*** Data shown Section Begins ***

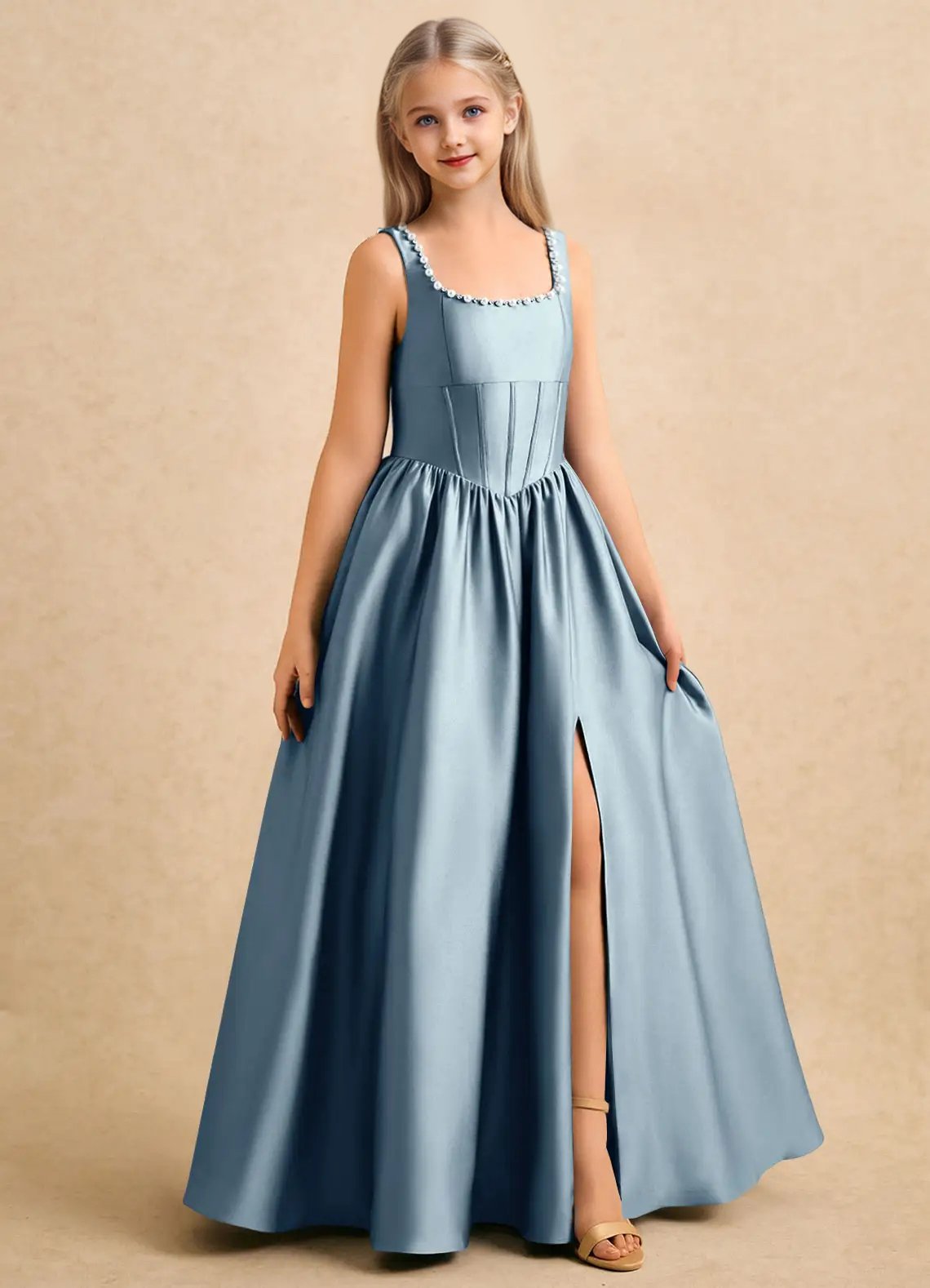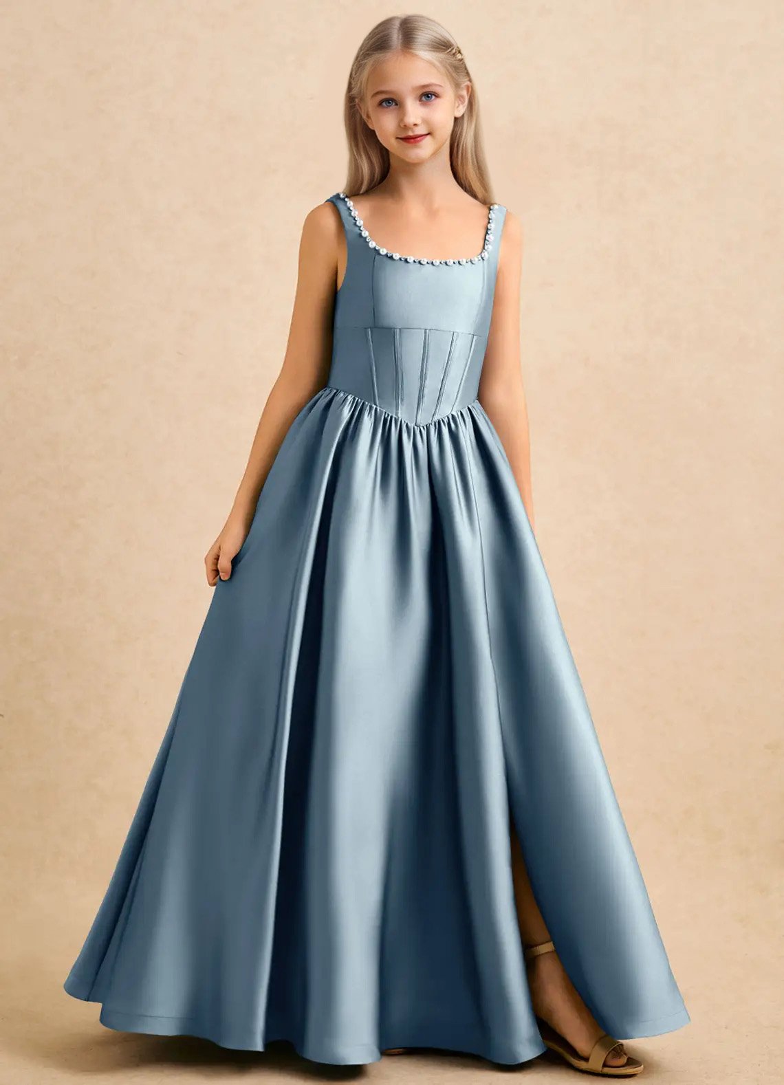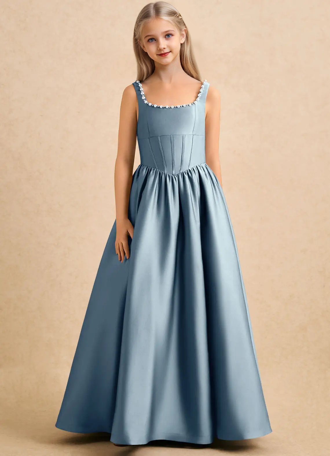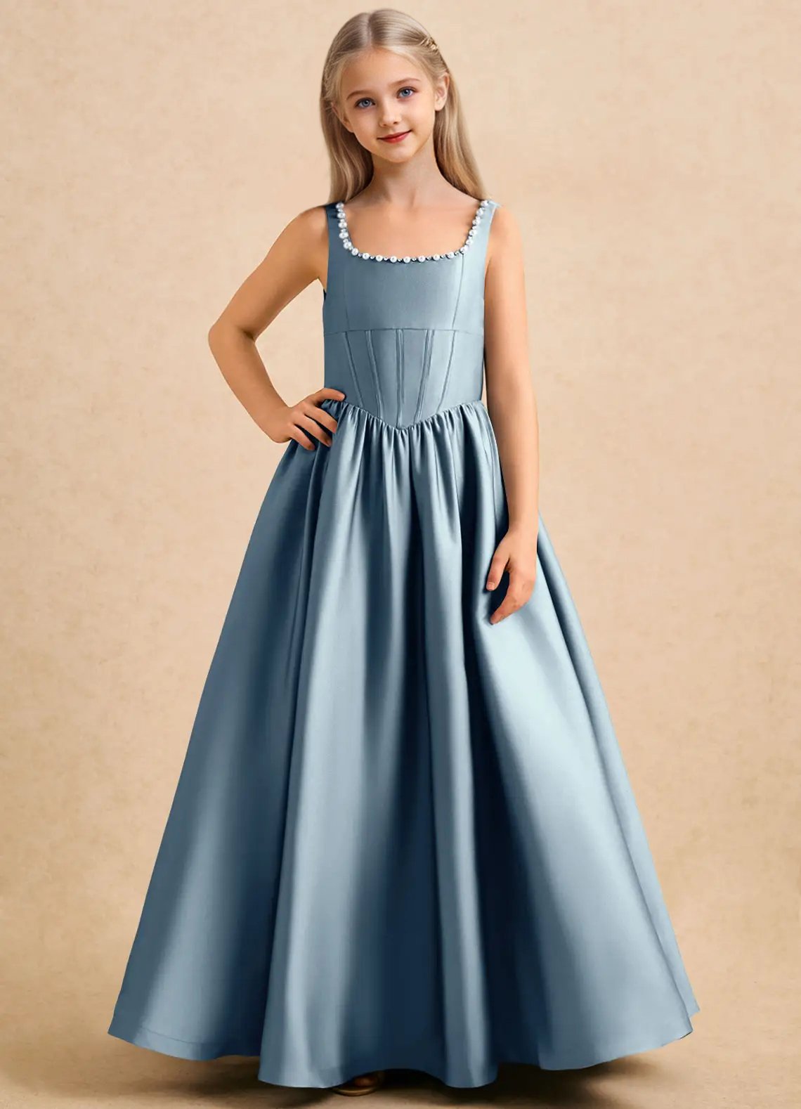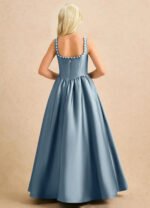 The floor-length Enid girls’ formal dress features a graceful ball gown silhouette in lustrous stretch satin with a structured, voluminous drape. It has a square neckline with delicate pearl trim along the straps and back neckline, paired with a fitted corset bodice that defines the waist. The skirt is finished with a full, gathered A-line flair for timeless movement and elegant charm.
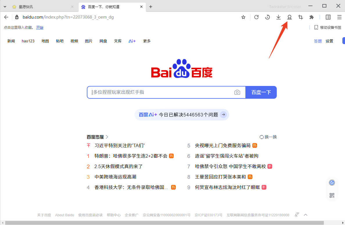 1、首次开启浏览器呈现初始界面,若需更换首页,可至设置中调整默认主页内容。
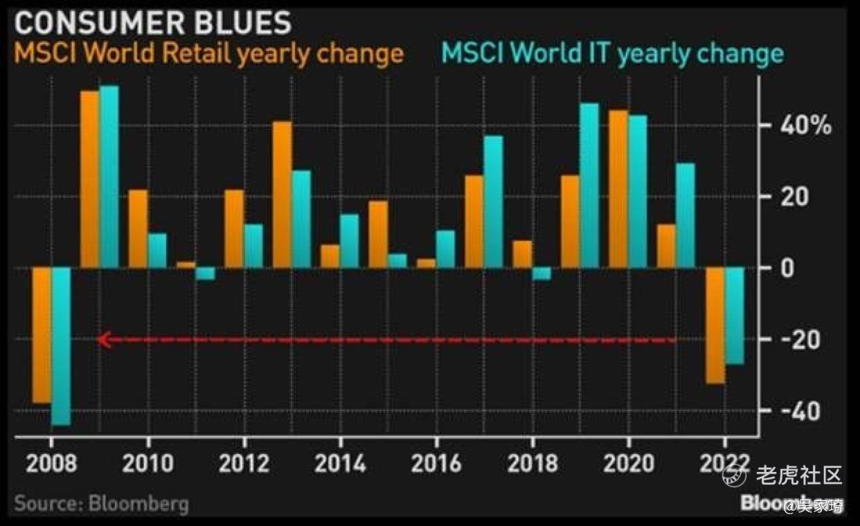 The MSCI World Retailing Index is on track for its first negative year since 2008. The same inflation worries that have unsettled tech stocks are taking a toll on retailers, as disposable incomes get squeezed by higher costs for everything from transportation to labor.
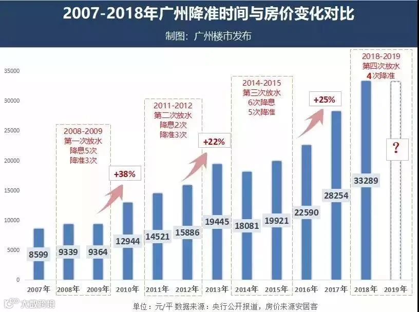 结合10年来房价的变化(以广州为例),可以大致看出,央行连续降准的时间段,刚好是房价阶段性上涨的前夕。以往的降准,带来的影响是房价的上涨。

*** Data shown Section Ends ***

*Prompt:*
Without the pictures, retype exactly the lines from the one that holds "The MSCI World" to the last line of the data above, both of them included.

*Response to the exercise:*
 The MSCI World Retailing Index is on track for its first negative year since 2008. The same inflation worries that have unsettled tech stocks are taking a toll on retailers, as disposable incomes get squeezed by higher costs for everything from transportation to labor.
 结合10年来房价的变化(以广州为例),可以大致看出,央行连续降准的时间段,刚好是房价阶段性上涨的前夕。以往的降准,带来的影响是房价的上涨。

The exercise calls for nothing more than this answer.